How to run a python file using cron jobs
Hi I have created a python file for example as file_example.py
The file will output the sensex value
Suppose the path of the file on linux system is /Desktop/downloads/file_example.py
and I normally will run the file like python file_example.py
But I want to set a cron job to run the python file every 2 min which is located at the above path
Can anyone please let me know how to do this
Edited Code:
I had edited the code and created a bash script with the name test.sh as indicated below
#!/bin/bash
cd /Desktop/downloads/file_example.py
python file_example.py 2>log.txt
When I run the above file, the following error is displayed:
sh-4.2$ python test.sh
File "test.sh", line 3
python test.py 2>log.txt
^
SyntaxError: invalid syntax
Assuming you are using a unix OS, you would do the following.
edit the crontab file using the command
crontab -e
add a line that resembles the one below
*/2 * * * * /Desktop/downloads/file_example.py
this can be used to run other scripts simply use the path to the script needed i.e.
*/2 * * * * /path/to/script/to/run.sh
An explanation of the timing is below (add a star and slash before number to run every n timesteps, in this case every 2 minutes)
* * * * * command to be executed
- - - - -
| | | | |
| | | | ----- Day of week (0 - 7) (Sunday=0 or 7)
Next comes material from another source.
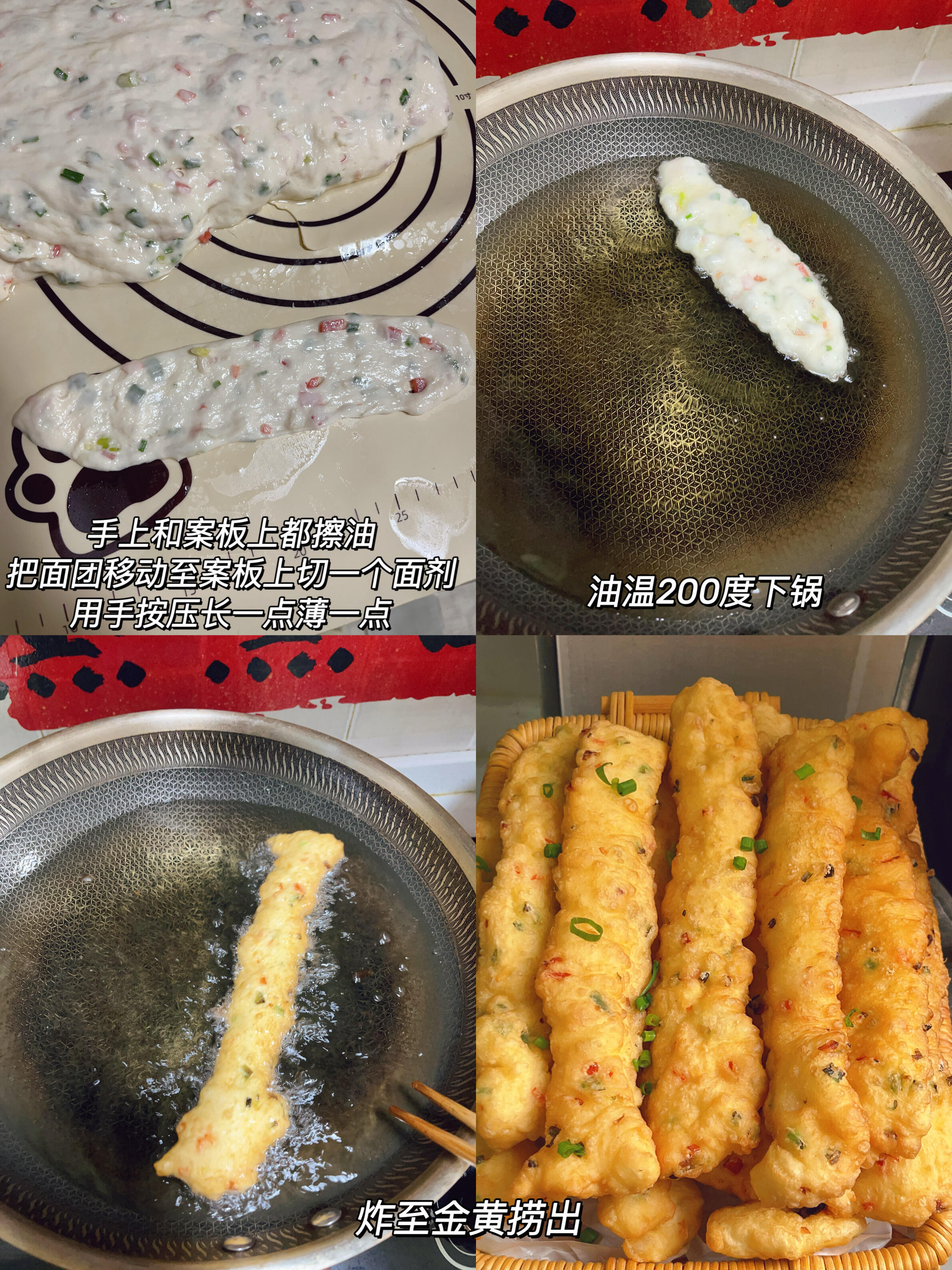 Step 3:整形+炸制——油温是关键,200℃炸出黄金脆皮

| | | ------- Month (1 - 12)
| | --------- Day of month (1 - 31)
| ----------- Hour (0 - 23)
------------- Minute (0 - 59)
You can use python-crontab module.
https://pypi.python.org/pypi/python-crontab
To create a new cron job is as simple as follows:
from crontab import CronTab
#init cron
cron = CronTab()
#add new cron job
job = cron.new(command='/usr/bin/echo')
#job settings
job.hour.every(4)